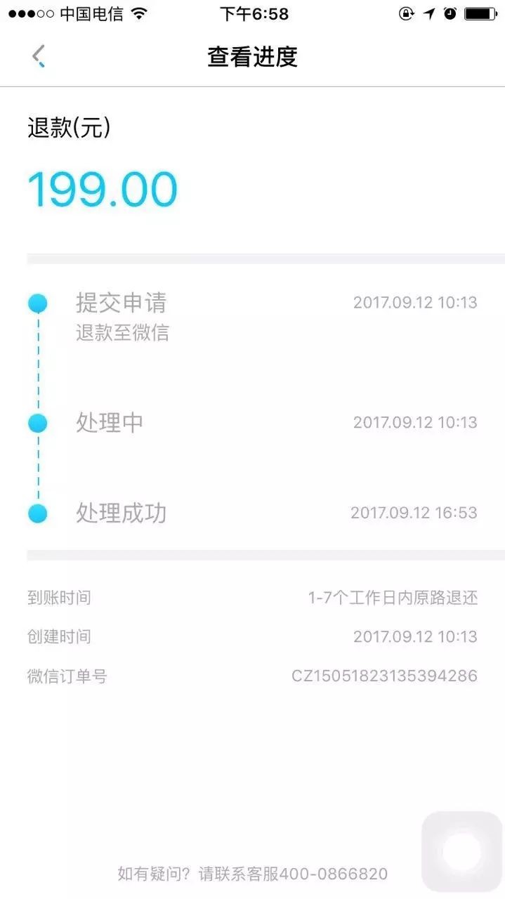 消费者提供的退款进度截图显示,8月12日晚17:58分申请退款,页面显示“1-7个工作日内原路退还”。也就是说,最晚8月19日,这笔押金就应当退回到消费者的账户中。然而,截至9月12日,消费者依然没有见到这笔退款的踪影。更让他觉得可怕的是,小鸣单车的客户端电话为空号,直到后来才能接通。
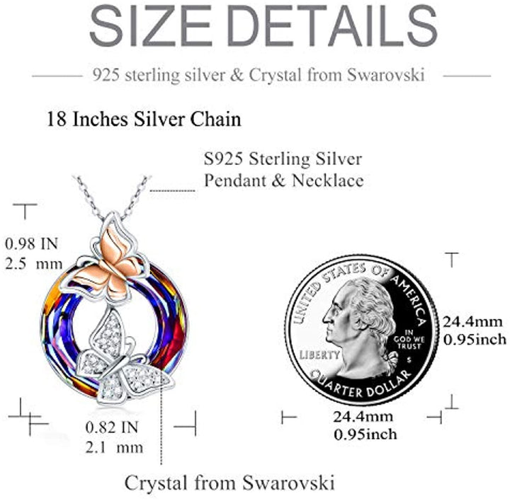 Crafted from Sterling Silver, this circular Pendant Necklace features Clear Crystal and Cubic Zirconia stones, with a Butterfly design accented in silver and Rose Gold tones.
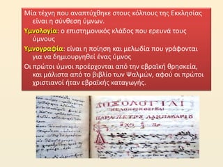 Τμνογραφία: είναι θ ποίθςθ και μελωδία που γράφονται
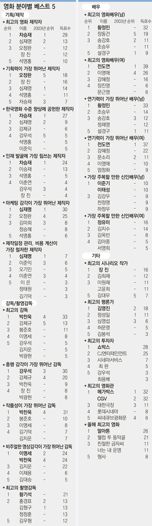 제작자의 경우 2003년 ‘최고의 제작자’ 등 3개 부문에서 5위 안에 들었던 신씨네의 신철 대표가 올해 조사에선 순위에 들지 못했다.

...

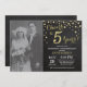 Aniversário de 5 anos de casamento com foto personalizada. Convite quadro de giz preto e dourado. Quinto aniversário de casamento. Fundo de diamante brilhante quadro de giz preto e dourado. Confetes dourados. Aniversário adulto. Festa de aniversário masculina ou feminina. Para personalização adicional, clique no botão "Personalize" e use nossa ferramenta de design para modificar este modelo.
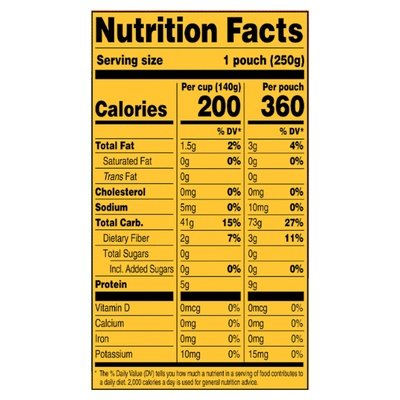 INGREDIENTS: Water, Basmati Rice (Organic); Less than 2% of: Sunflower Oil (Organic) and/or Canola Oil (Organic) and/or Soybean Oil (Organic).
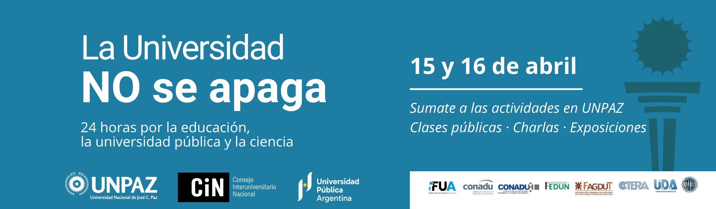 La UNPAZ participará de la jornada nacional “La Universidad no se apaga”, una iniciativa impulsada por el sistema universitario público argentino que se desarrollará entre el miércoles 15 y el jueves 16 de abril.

--

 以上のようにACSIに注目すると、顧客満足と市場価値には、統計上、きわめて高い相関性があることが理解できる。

→ **What needs to be done**
Look through the listing above for the line with "消费者提供的退款进度截图显示" and the line with "제작자의 경우 2003년". Write out exactly those lines and everything between, leaving out pictures.

→ **Task response**
 消费者提供的退款进度截图显示,8月12日晚17:58分申请退款,页面显示“1-7个工作日内原路退还”。也就是说,最晚8月19日,这笔押金就应当退回到消费者的账户中。然而,截至9月12日,消费者依然没有见到这笔退款的踪影。更让他觉得可怕的是,小鸣单车的客户端电话为空号,直到后来才能接通。
 Crafted from Sterling Silver, this circular Pendant Necklace features Clear Crystal and Cubic Zirconia stones, with a Butterfly design accented in silver and Rose Gold tones.
 Τμνογραφία: είναι θ ποίθςθ και μελωδία που γράφονται
 제작자의 경우 2003년 ‘최고의 제작자’ 등 3개 부문에서 5위 안에 들었던 신씨네의 신철 대표가 올해 조사에선 순위에 들지 못했다.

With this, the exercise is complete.